Last August, Winston Branko Churchill, a man who loved the simplicity of the outdoors and despised materialism, left his dog with a woman in Lake City, called two friends to say he would no longer need them to send him care packages, and then hiked into the rugged backcountry.

“Dude, thank you for everything. I don’t need anything else,” was his last message to Jonathan Wrobel of Chicago (via The Denver Post). Churchill’s friends were worried as he hit the Colorado Trail, which connects Denver to Durango, in an act similar to the plot of the film “Into the Wild.” They contacted rescuers in Hinsdale County, which organized a two-day search, but did not find Churchill, a 41-year-old former Denver disc jockey and Silverton cafe owner.

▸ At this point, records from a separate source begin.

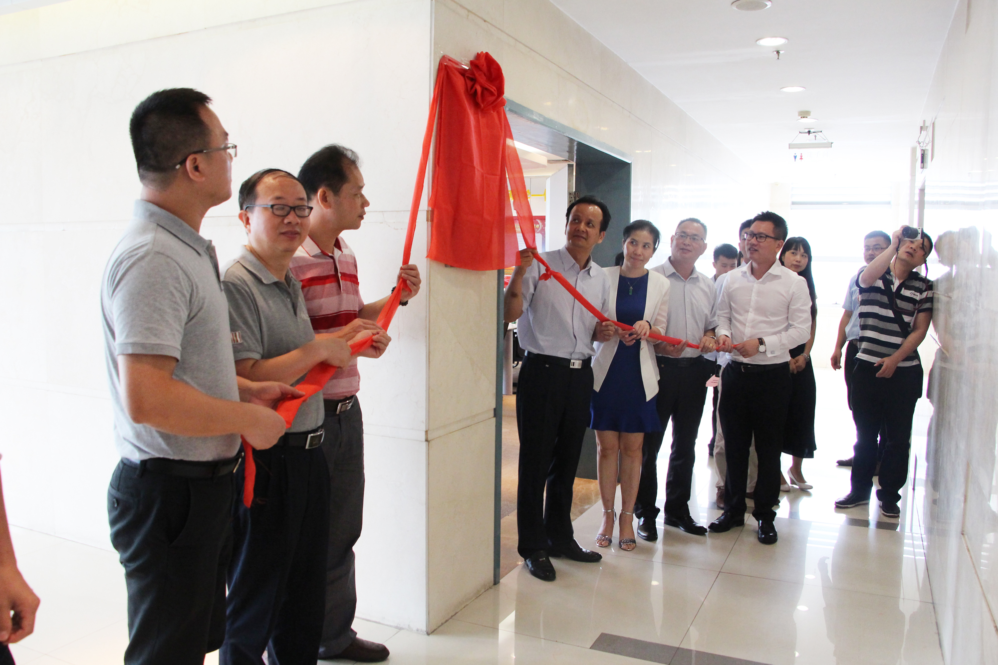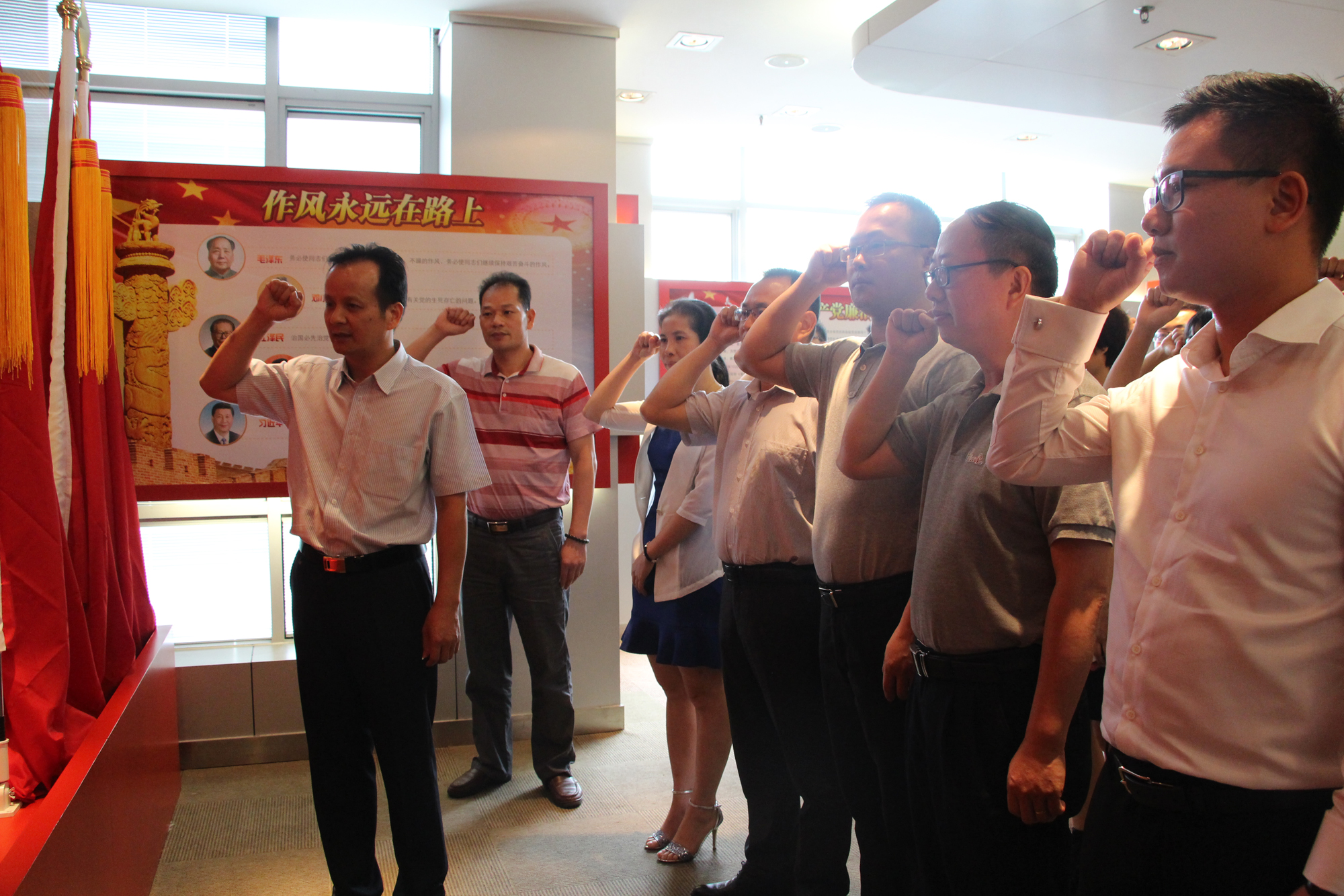 在全體黨員的見證下,黃主任與集團黨委領導共同為黨建活動室揭牌并合影留念。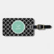 Black Quatrefoil Pattern, Mint Green Monogram Luggage Tag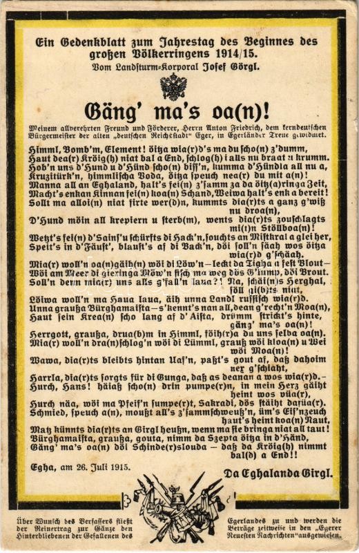 1915 Ein Gedenkblatt zum Jahrestag des Beginnes des großen Völkerringe... https://www.darabanth.com/de/415-Fernauktion/415.0/Ansichtskarten/Militaria~1000067/1915-Ein-Gedenkblatt-zum-Jahrestag-des-Beginnes-des-groC39Fen-Volkerringens-1914-15-WWI-Austro-Hun~II2600406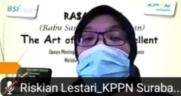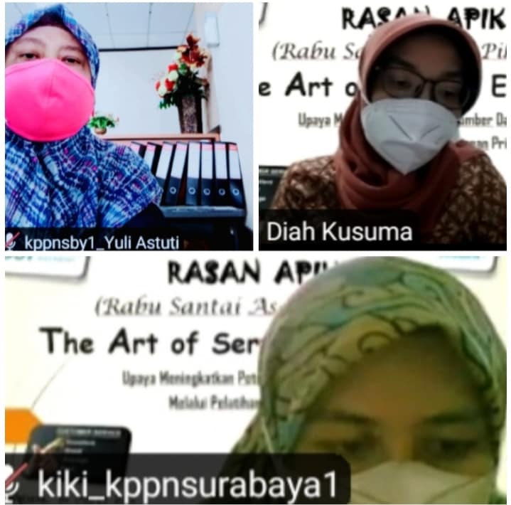 Hari Rabu, 10 Maret 2021 KPPN Surabaya I berkolaborasi dengan Bank Syariah Indonesia (BSI) menggelar acara Rasan Apik. Tema yang diangkat adalah “The Art of Service Excellent”. Pelayanan yang baik merupakan suatu hal penting di era global saat ini. Upaya-upaya untuk meningkatkan potensi pegawai melalui pelatihan pelayanan prima mutlak perlu dilakukan.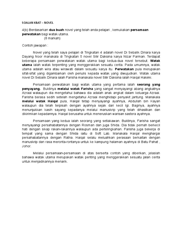 Contoh Jawapan Novel Tingkatan 4
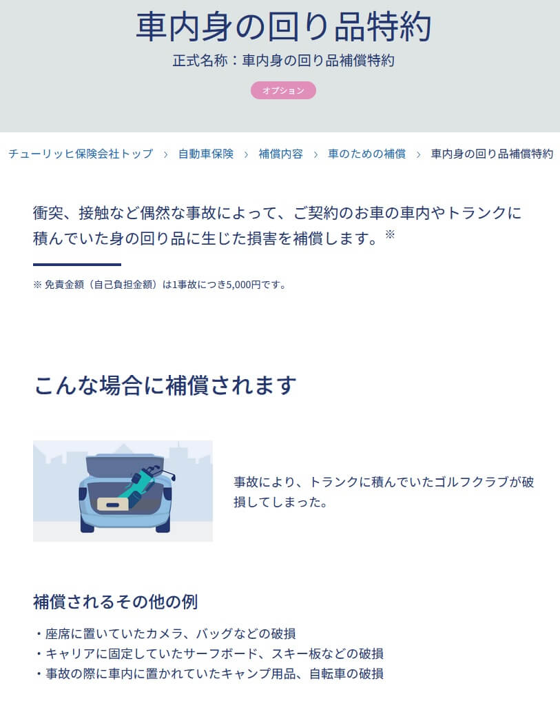 また、車内身の回り品特約は自転車の破損も補償される点も見逃せません。この特約は車内やトランクに置いていた身の回り品やキャリアに固定されていたスポーツ用品が破損した時に補償されます。他社では自転車は対象外としている保険が多い中で、チューリッヒでは公式HPによると自転車も対象となっています。

Then a month ago, Churchill’s body was found. He had died slowly of starvation and exposure in a high valley near an abandoned miner’s cabin. His journal was destroyed by the snow that entombed his body over the winter, but his camera included an eerie video he took of himself starving: In it, he said he had gone 40 days without food, and he thought he would die the next day, October 13, his birthday.

Meanwhile, hikers on the 14,265-foot Quandry Peak near Breckenridge are finding themselves in a quandry more often than in the past. Rescues there are up due to unprepared hikers, according to 9News.